CRITICISM of public officials and civil servants appears to have reached epidemic proportions in the media of late, particularly in the tabloids. Conscientious civil servants who strive to serve the State and the people are frequent targets of undeserved criticism.
But there was a time not so long ago in this country when many people relied on certain civil servants to help make ends meet, particularly at a time when many Dubliners had a hard time keeping the wolf of poverty from their doors. There have been, and still exist, many outstanding and unknown civil servants who have used their talents and dedication to carry out great humanitarian and charitable work for the less fortunate and disadvantaged in Irish society.
Two such civil servants deserve particular mention. One was Frank Duff from Blackrock, best known as the founder of the Legion of Mary. What is not so well known is that he resigned his very senior position in the Civil Service in 1932 to devote the rest of his life to the Legion.
In the process, he founded the hostels for the homeless in Morningstar Avenue and North Brunswick Street. Many of the volunteers who presently work in these hostels are civil servants who help to cook and clean for the residents in their own free time and at weekends.
The other not so well known civil servant was John McGuinness from Dalkey, a senior revenue officer at Dublin Castle up to his death in 1947. His story needs to be told because his service to the poor was legendary.
He was born in Dun Laoghaire at the turn of the century into a large middle class family. He entered the Civil Service as an 18 year old clerk with the revenue department at Dublin Castle, just three years before the State became independent. It was not, however, until he became a member of the Society of St Vincent de Paul in 1924 that he became deeply involved in charitable work for Dublin's poor.
This remarkable civil servant thought nothing of cycling around the city, collecting and distributing used clothing and footwear and personally begging material assistance from businesses such as bakeries and tobacconists.
He apportioned most of his salary to finance this charitable work by purchasing essential items such as shoes and clothing for children and destitute families. In addition, he organised office collections and prize draws in support of the St Vincent de Paul Society's relief work for the homeless and unemployed in the Dublin of the 1930s and 1940s.

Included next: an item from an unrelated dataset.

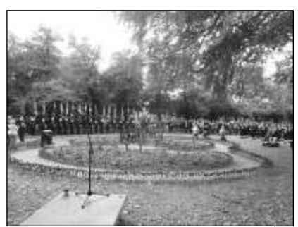
The new memorial Poppy Garden in Belle Vue Park

This was a time when unemployment and poverty were rife in Dublin and elsewhere. Many husbands and fathers from most counties in Ireland were forced to leave their families in search of work. John McGuinness and his St Vincent de Paul Society colleagues provided boat tickets and financial aid to many who otherwise could not raise the means to travel to England in search of work.
The Society's annual reports of the 1930s provide a grim picture of the misery and destitution of many Dubliners. For instance, in 1939 alone, the society's night shelter in Back Lane recorded 26,000 admissions and provided 52,000 meals for the homeless.
When John McGuinness made the conscious decision to reject wealth and materialism, he moved out of the suburban family home and changed his lifestyle. He had no social life to speak of instead preferring to spend most of his evenings and free time working for the Society, as well as a host of other charitable activities visiting hospices and lodging houses and decorating and converting a dilapidated building in High Street into an unemployed working men's club, where he cleaned toilets, painted and scrubbed and swept floors.
He led an austere lifestyle in a sparsely furnished room, with little in the way of comfort or possessions. This enabled him to devote the bulk of his Civil Service salary to providing for the poor. He died at the early age of 46 from a form of malnutrition and was buried in Glasnevin Cemetery on St Valentine's Day in 1947.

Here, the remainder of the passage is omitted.